==== Exercise data ====
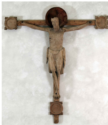
Krucifixet från 1200-talet finns i Björnlunda kyrka

Många vuxna minns säkert barndomens långfredagar. Då var allt stängt och det fanns inget att göra. Radion spelade bara tung musik och ingen fick gå ut och leka. Hela samhället fick då inrätta sig efter att det var en sorgens och mörkrets dag vare sig man var troende eller inte.
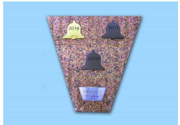
メモリアルプレート
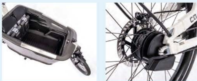
Das Ca Go Bike FS 200 bietet unter anderem eine Transportbox und die automatische Enviolo-Schaltnabe.
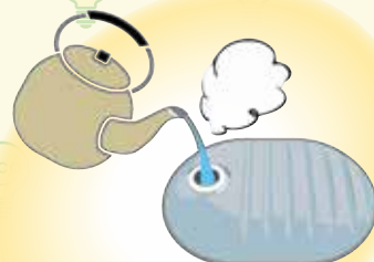
電源不要で持ち運びできる湯たんぽを上手に使う
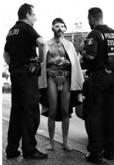
Die Welt zu Gast bei Freunden, das Berliner Gesicht des Widerstands Captain Future ist sich seiner Sache sicher.

Welch schmutzige, unlautere Tricks das Corona-Regime noch in Petto hat, um diese Veranstaltung zu verhindern, ist derzeit schwer abzuschätzen. Doch angesichts der zahlreichen, raffinierten Vorbereitungsmaßnahmen der Demokratiebewegung wird ersichtlich, wie anpassungs- und lernfähig das Freiheitsevirus ist, für dessen Eindämmung kein politischer Impfstoff verfügbar ist.
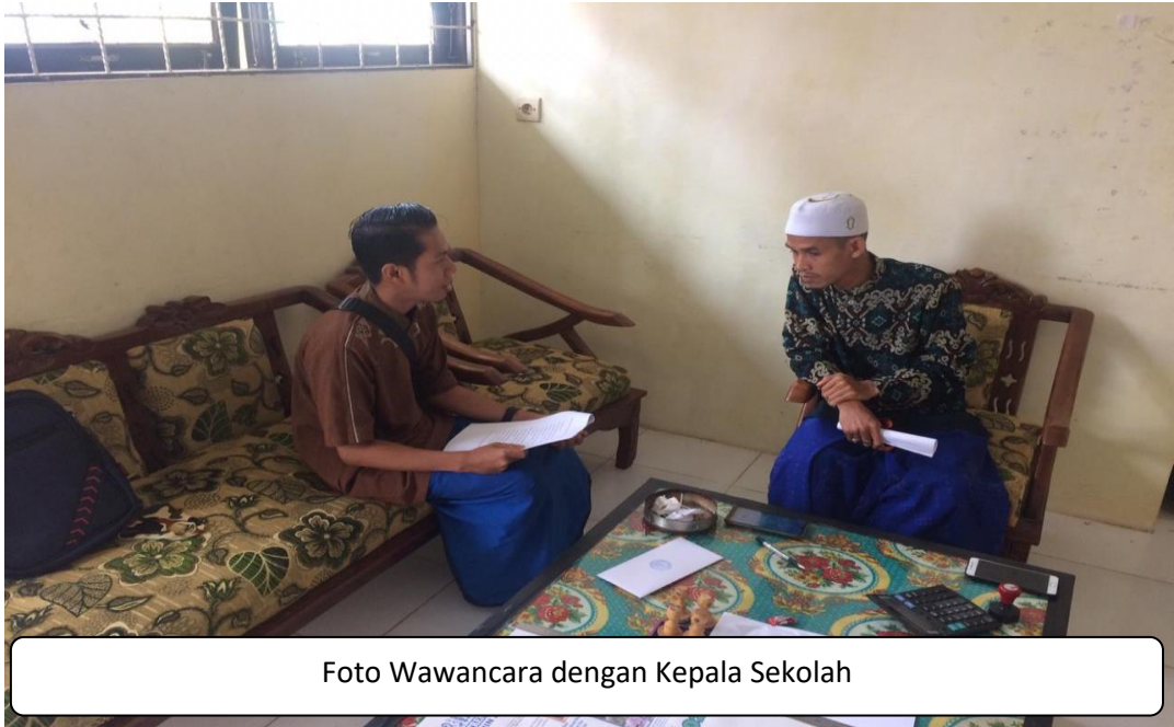
Foto Wawancara dengan Kepala Sekolah
====
**What is needed:** Your answer is the exact run of lines above from the one with "電源不要で持ち運びできる湯たんぽを上手に使う" through the one with "Die Welt zu", both ends included, minus any picture.

**Output for this exercise:**
電源不要で持ち運びできる湯たんぽを上手に使う
Die Welt zu Gast bei Freunden, das Berliner Gesicht des Widerstands Captain Future ist sich seiner Sache sicher.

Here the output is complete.